Iraq still has a long ways to go, but at least it has a chance to forge its own destiny and that is due in part to the sacrifices of our military men and women and those of other countries.

For Iraq and for America, July 2009 is a time for hope and for rededication to the causes of country and liberty and to recognize the sacrifices of those who have given their lives to secure them.

No one has expressed those sentiments better than our country's 16th president, Abraham Lincoln, as he dedicated the Soldiers' National Cemetery in Gettysburg, Pa., four months after the pivotal battle in the Civil War that tore our country apart:

"Four score and seven years ago our fathers brought forth on this continent, a new nation, conceived in Liberty, and dedicated to the proposition that all men are created equal.

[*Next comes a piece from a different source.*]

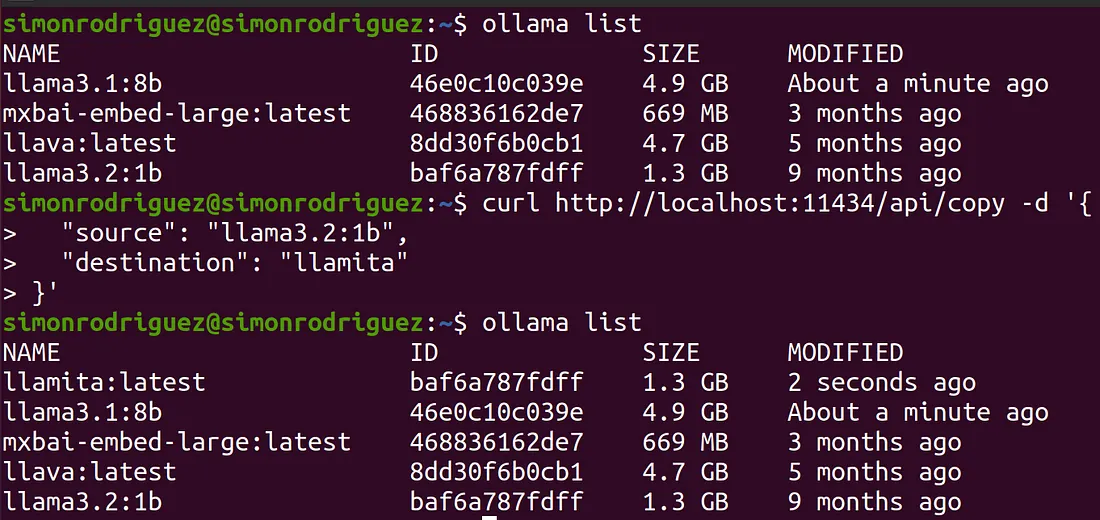 - /api/copy: POST 方法。相当于 ollama cp,用于在本地复制一个现有的模型。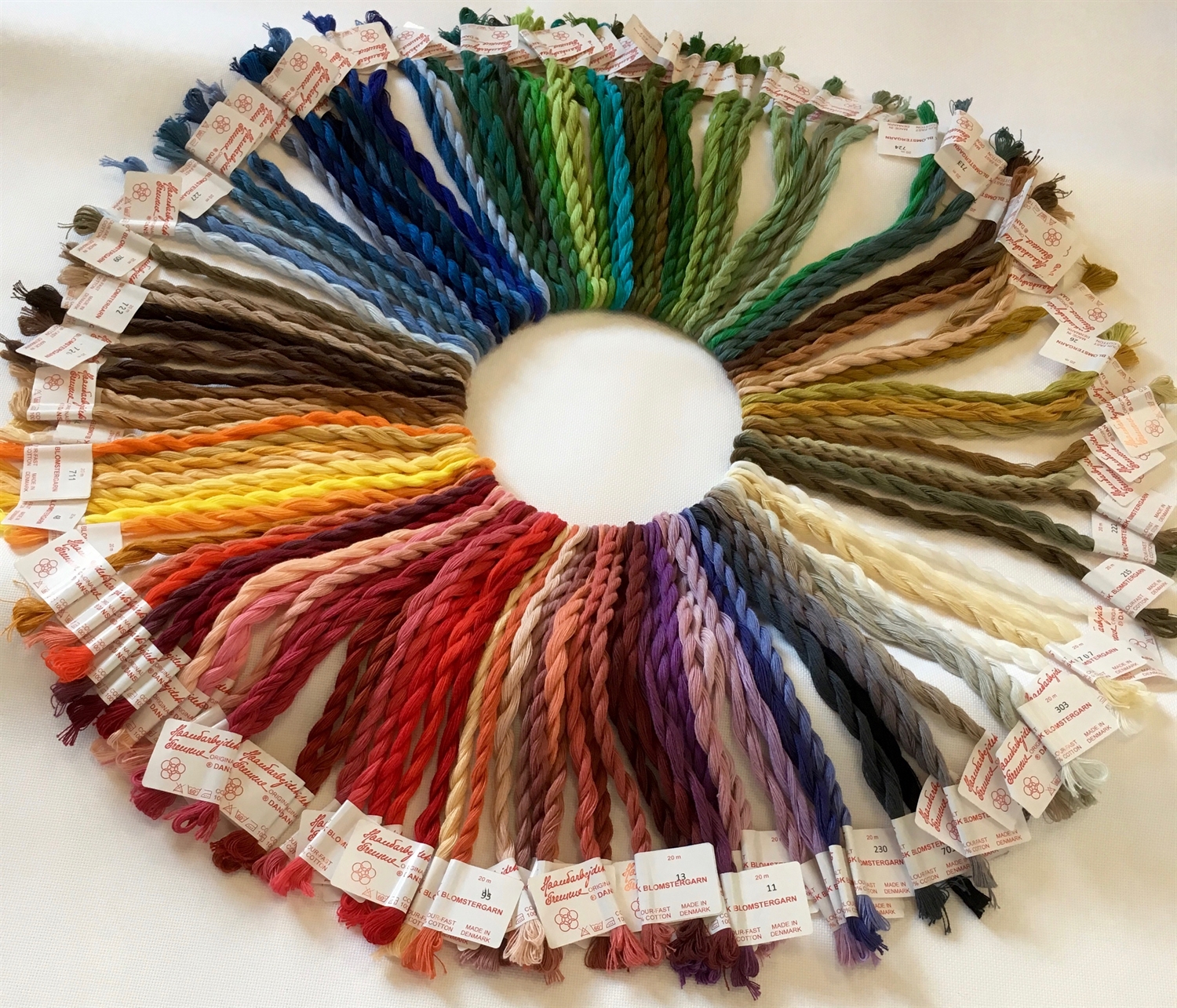 Dansk Blomstergarn produceres af Haandarbejdets Fremme. Der findes 125 farver i Dansk Blomstergarn. Hvis du syr med 1 tråd Dansk Blomstergarn, passer dette til et 10- til 13-trådet hørlærred eller Aida stof med 5,4 - 6,4 huller pr cm. Syr du med to tråde Dansk Blomstergarn, kan du anvende Hørlærred 7,5 tråde pr cm eller Aida 4,4 huller pr cm.

Now we are engaged in a great civil war, testing whether that nation, or any nation so conceived and so dedicated, can long endure. We are met on a great battle-field of that war. We have come to dedicate a portion of that field, as a final resting place for those who here gave their lives that that nation might live. It is altogether fitting and proper that we should do this.

But, in a larger sense, we can not dedicate - we can not consecrate - we can not hallow - this ground. The brave men, living and dead, who struggled here, have consecrated it, far above our poor power to add or detract. The world will little note, nor long remember what we say here, but it can never forget what they did here. It is for us the living, rather, to be dedicated here to the unfinished work which they who fought here have thus far so nobly advanced. It is rather for us to be here dedicated to the great task remaining before us - that from these honored dead we take increased devotion to that cause for which they gave the last full measure of devotion - that we here highly resolve that these dead shall not have died in vain - that this nation, under God, shall have a new birth of freedom - and that government of the people, by the people, for the people, shall not perish from the Earth."

Lincoln's words ring as true today as they did in 1863. They challenge us to celebrate and rededicate ourselves to our country and its freedoms. Happy Fourth of July.